And the Last Trump Shall Sound
- First edition
- Author: Harry Turtledove, James K. Morrow and Cat Rambo
- Language: English
- Genre: Alternate history
- Publisher: CAEZIK SF & Fantasy
- Publication date: September 22, 2020
- Publication place: United States
- Media type: E-book and print (paperback)

= And the Last Trump Shall Sound =

2020 alternate history novel

And the Last Trump Shall Sound is an American alternate history book written by Harry Turtledove, James K. Morrow and Cat Rambo. It was published on September 22, 2020 by Caezik SF & Fantasy. The book contains three stories: Turtledove wrote "The Breaking of Nations", Morrow wrote "The Purloined Republic" and Rambo wrote "Because It Is Bitter". The title is a reference to .

==Plot==
During his presidency, Donald Trump is reelected in the 2020 presidential election, but dies during a second coronavirus outbreak in 2024. As a result of his death, Vice President Mike Pence succeeds him and oversees the actions of the United States being transformed into a right-wing, Christian fundamentalist, authoritarian state which eventually leads to the West Coast states of California, Oregon and Washington seceding from the US and forming their own nation called Pacifica.

Pence is elected to a full term in 2024 and reelected in 2028 with Lindsey Graham as his vice president. During his presidency. Roe v. Wade is overturned in 2026 with abortions being criminalized and thousands of women dying as a result of illegal procedures, concentration camps are established near the US-Mexican border to imprison migrants, illegal immigrants and political opponents, non-Christians including Jews, Muslims and Sikhs fall victim to fatal religious and racist attacks, and LGBTQ+ peoples are persecuted and eventually classified as sex offenders.

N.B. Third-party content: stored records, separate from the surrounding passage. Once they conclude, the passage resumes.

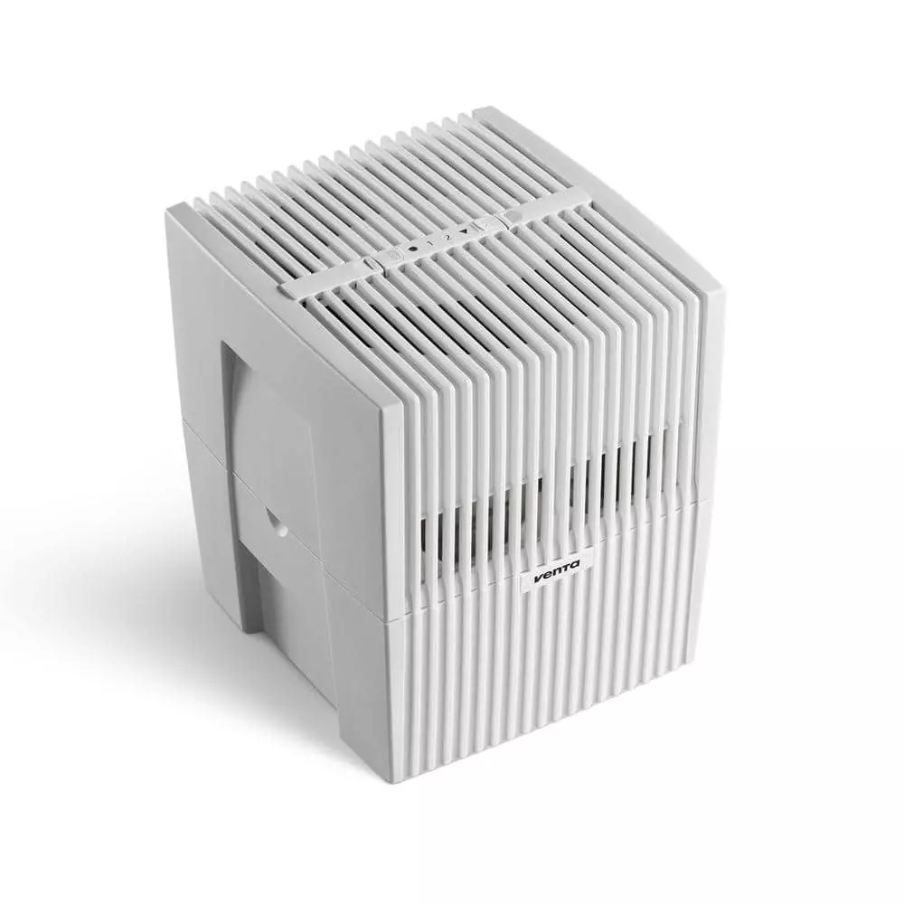 The Venta LW15 Original Humidifier humidifies dry room air in spaces up to 300 square feet (with standard 8-foot ceilings) using evaporative humidification. As a disk stack rotates in the water reservoir, clean water evaporates to humidify the air in your space. This cold evaporation process is recognized as the best humidification method. By implementing the principle of humidifying air for homes and offices without the use of filters, the Venta Humidifier is hygienic, simple to use, and easy to clean. Properly humidified air will also eliminate static electricity and work to preserve wooden furniture and musical instruments. Venta Humidifiers offer the consistent performance of high-end German engineering; delivering optimal indoor air quality with properly humidified air to breathe. This compact 1.4-gallon capacity humidifier is powerful enough to work with indoor spaces of up to 300 square feet, perfect for a bedroom, office, or nursery, and is designed to resist over-humidifying the interior.
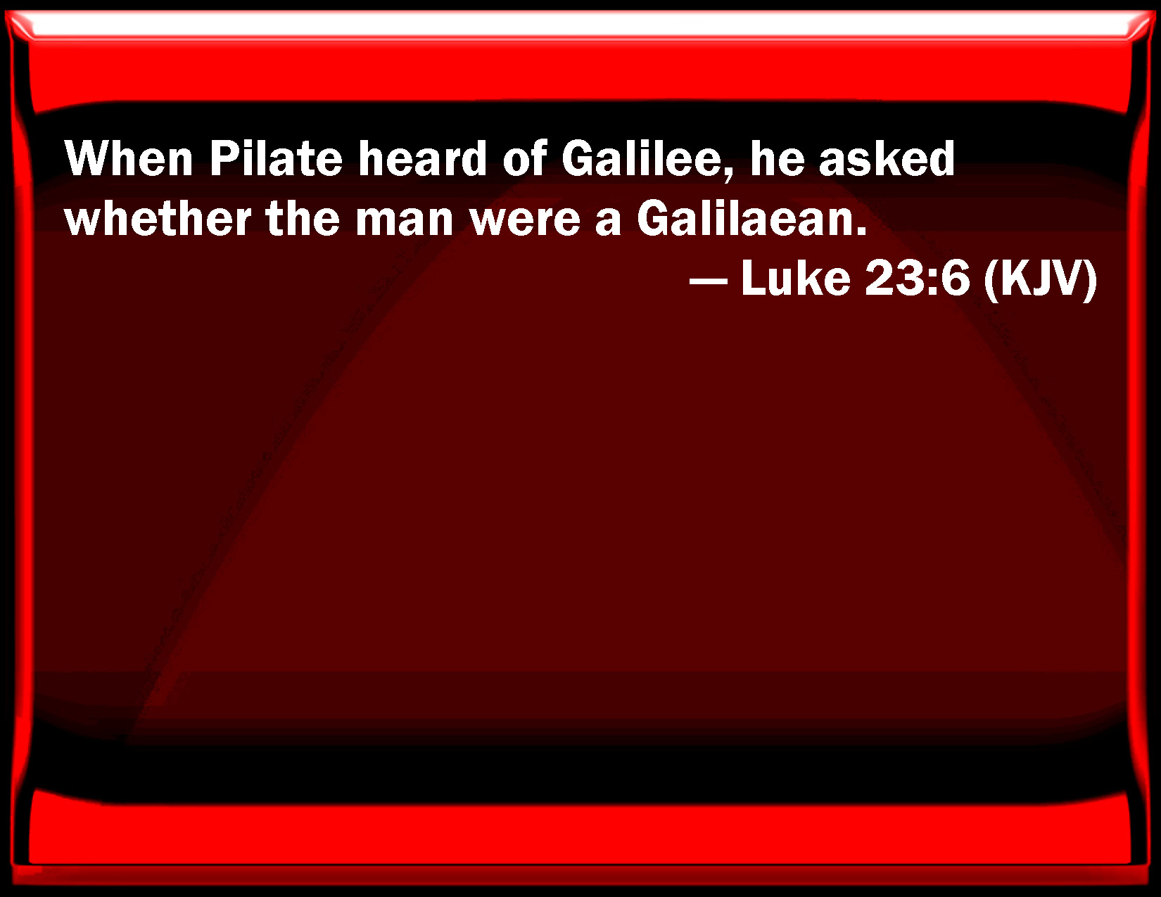 Bible Verse Slide Luke 23:6 When Pilate heard of Galilee, he asked whether the man were a Galilaean. KJV: When Pilate heard of Galilee, he asked whether the man were a Galilaean. DRB: But Pilate hearing Galilee, asked if the man were of Galilee? DBT: But Pilate, having heard Galilee named, demanded if the man were a Galilaean; ERV: But when Pilate heard it, he asked whether the man were a Galilaean. WBT: When Pilate heard of Galilee, he asked whether the man was a Galilean. WEB: But when Pilate heard Galilee mentioned, he asked if the man was a Galilean. YLT: And Pilate having heard of Galilee, questioned if the man is a Galilean,Links Luke 23:6 NIV • Luke 23:6 NLT • Luke 23:6 ESV • Luke 23:6 NASB • Luke 23:6 KJV • Luke 23:6 Interlinear • Luke 23:6 Commentaries • Luke 23:6 Parallel Texts • Luke 23:6 Bible Apps • Luke 23:6 Parallel • Bible Hub |
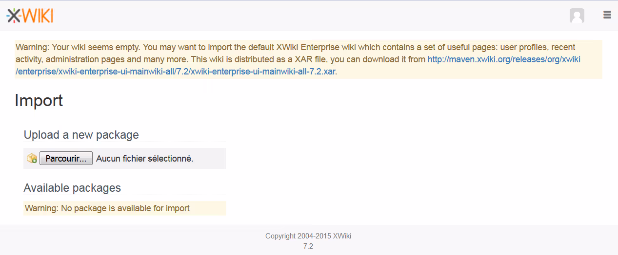 Attention : Ce qu’il faut savoir c’est que par défaut, les XWiki sont installés sans aucunes pages. Les pages par défaut doivent être chargées manuellement via un import la première fois. C’est à ça que sert le fichier xwiki-enterprise-ui-mainwiki-all-7.2.xar que vous avez téléchargé au début de la procédure.
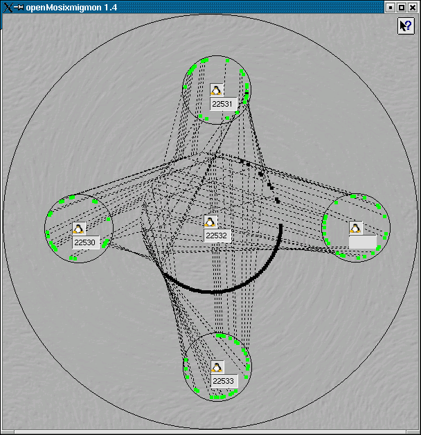 The main penguin is the node on which openMosixmigmon runs and around this node it shows its processes also in a circle of small black squares.

The United States Congress becomes a Republican-dominated rubber stamp, state autonomy in Democratic states becomes undermined with state governments being removed and replaced for non-compliance, Christian fundamentalism is endorsed by the federal government, and news broadcasters including CNN and MSNBC became right-wing subsidiaries of Fox known as Fox-CNN and Fox-MSNBC, respectively, while The New York Times gets shut down completely as part of restrictions on freedom of the press.

Pence eventually works around the Twenty-second Amendment by running as Vice President on the bottom of the Republican ticket with Devin Nunes in 2032. The ticket wins and Nunes resigns from the presidency shortly after taking office, allowing Pence to retake the presidency and to appoint Rick Santorum as his new vice president.